For the foregoing reasons, Plaintiff's Application for the Court to Request Counsel is granted. Due to a scarcity of volunteer attorneys, some period of time may pass before counsel volunteers to represent Plaintiff. Nevertheless, this litigation will progress at a normal pace. If an attorney volunteers, the attorney will contact Plaintiff directly. There is no guarantee, however, that a volunteer attorney will decide to take the case, and plaintiff should be prepared to proceed with the case pro se. Of course, if an attorney offers to take the case, it is entirely Plaintiff's decision whether to retain that attorney or not.

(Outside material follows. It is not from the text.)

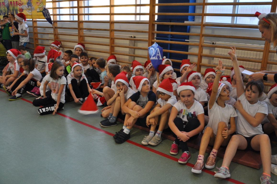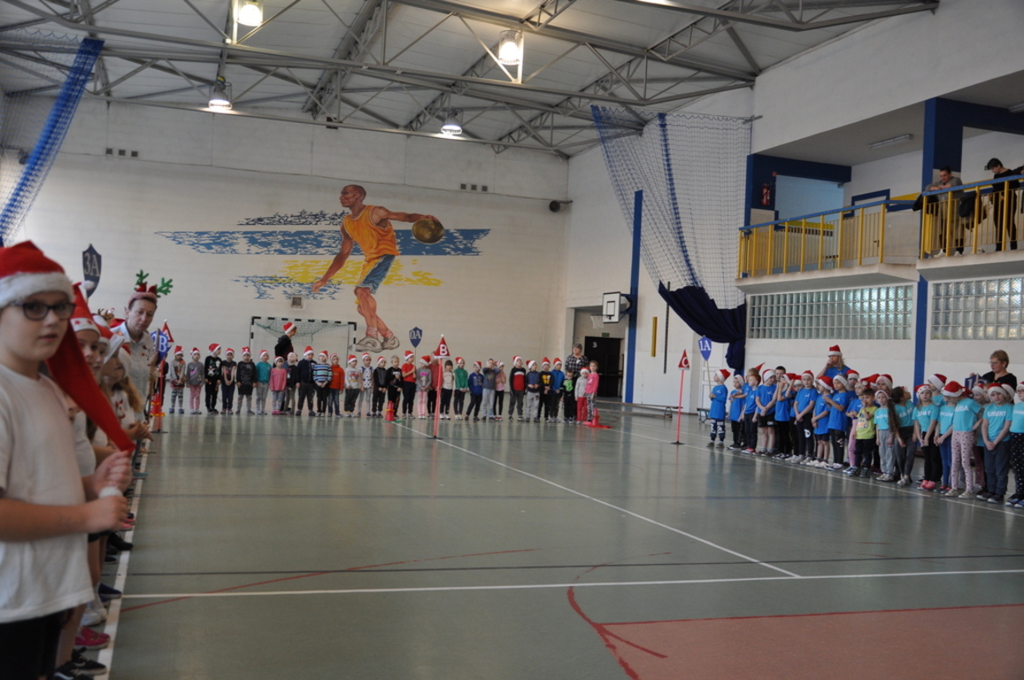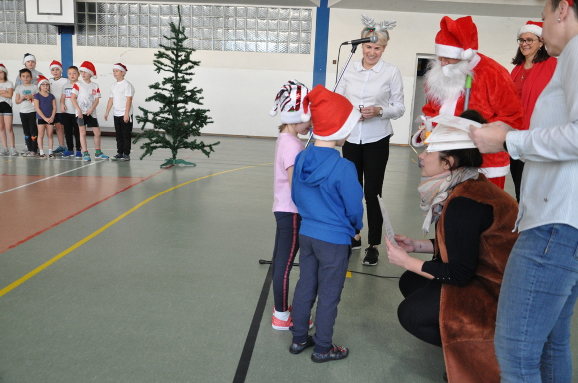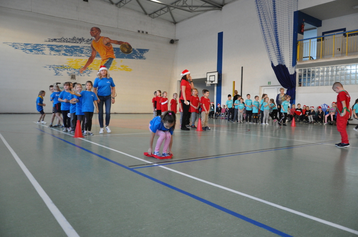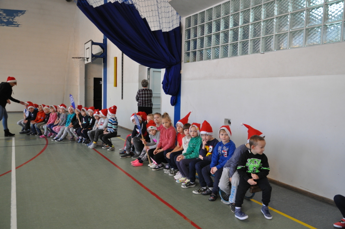 I tym wspólnym śpiewem uczniowie kl. I-III oraz dzieci z oddziałów przedszkolnych 3 grudnia zaprosili Mikołaja na sportowe zmagania w ramach Mikołajkowego Turnieju Gier i Zabaw, który był doskonałą okazją do zabawy na sportowo. Drużyny rywalizowały w 3 konkurencjach. Wszyscy uczniowie walczyli o wygraną, a jednocześnie bardzo dobrze się bawili.

The Court has established a Pro Bono Fund to encourage greater attorney representation of pro se litigants. The Fund is especially intended for attorneys for whom pro bono service is a financial hardship. See http://www.nysd.circ2.dcn/docs/prose/pro_bono_fund_order.pdf.]

The Clerk of the Court is respectfully requested to mail a copy to Plaintiff at the address listed on ECF and show proof of service on the docket.

The Court certifies under 28 U.S.C. § 1915(a)(3) that any appeal from this Order would not be taken in good faith and therefore IFP status is denied for the purpose of an appeal. See Coppedge v. United States, 369 U.S. 438, 444-45 (1962).

SO ORDERED.

FootNotes


1. The Court noted in the Opinion and Order dated October 12, 2018 (ECF No. 151), that the claim of excessive force as it relates to Plaintiff's detached retina could not be sustained. The Court granted Defendants' Motion for Summary Judgment only for that specific injury. However, Defendants' motion was denied regarding the other injuries Plaintiff sustained.